Mediate or litigate…why not both?

The Information Commissioner’s Office recently announced that the process of mediation proves invaluable to any FIO disputes and the 2009 residential tenancies bill stipulates the appointment of a commissioner to mediate disputes between landlord and tenants. 

As mediation still is a new concept in Cayman, we have in this column discussed the difference between mediation and counselling. This time we would like to touch on some differences between mediating and litigating. Most will know that mediation is an alternative form of dispute resolution to litigation; however, some may not know that there is much common ground between attorneys and mediators. 

Attorneys counsel clients on managing their conflicts.
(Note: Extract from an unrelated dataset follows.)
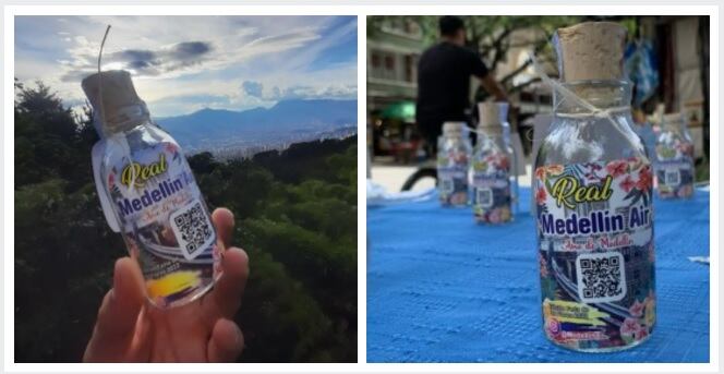 Classificando seu produto como algo “100% real e genuíno”, assim como o descreve na página em que anuncia as garrafas, o jovem diz que não se trata “do ar de qualquer lugar”, mas de montes da cidade como Tres Cruces, Nutibara e o Alto de Palmas.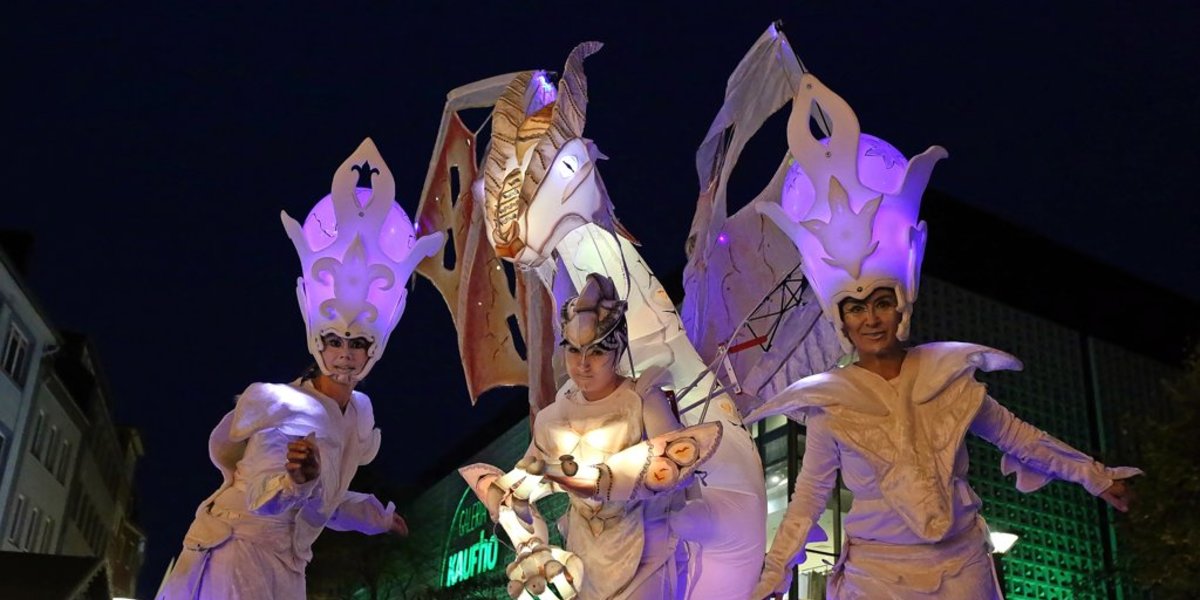 In der Bernwardstraße steht außerdem ein acht Meter hoher illuminierter Kletterturm, den man erklimmen kann. Überall sind außerdem Lichtgestalten von Ars Saltandi und vom Theater Hochkant unterwegs.

Not only do they resolve disputes through litigation, but they often explore with their clients possible resolution and settlement options. When settlement is likely the best option, mediation can be employed at different times in the process of resolving the dispute in order to ensure that the best negotiated settlement is reached. 

Mediation is a voluntary process in which an impartial third party assists two or more parties involved in a dispute to create and agree upon their own terms of settlement. During the mediation process, the mediator does not represent one side or render a decision, but rather assists all parties involved in coming to a mutually agreeable settlement by helping them to identify their interests and needs and aiding the negotiation process. Thus, mediation provides another way for attorneys to counsel their clients on managing conflict.

As mediation is significantly less expensive than going to court; during these economically challenging times, attorneys can help their clients achieve cost-effective dispute resolution through mediation when appropriate. For example, with clients filing for divorce, if a mediator can assist parties to identify acceptable settlement options on such issues as custody and visitation rights, though they will invariably need legal counsel regarding their rights and in writing up the ensuing contracts, the client’s costs can be reduced. At the very least, parties enter mediation voluntarily and cannot be compelled to compromise. 

As mediations are conducted on a without prejudice basis, small risk to clients exists if mediations break down and the case goes to court.

We believe that personal and professional disputes are best managed when those involved explore all resolution options; and, if necessary, chose a path that involves any number of complimentary service providers.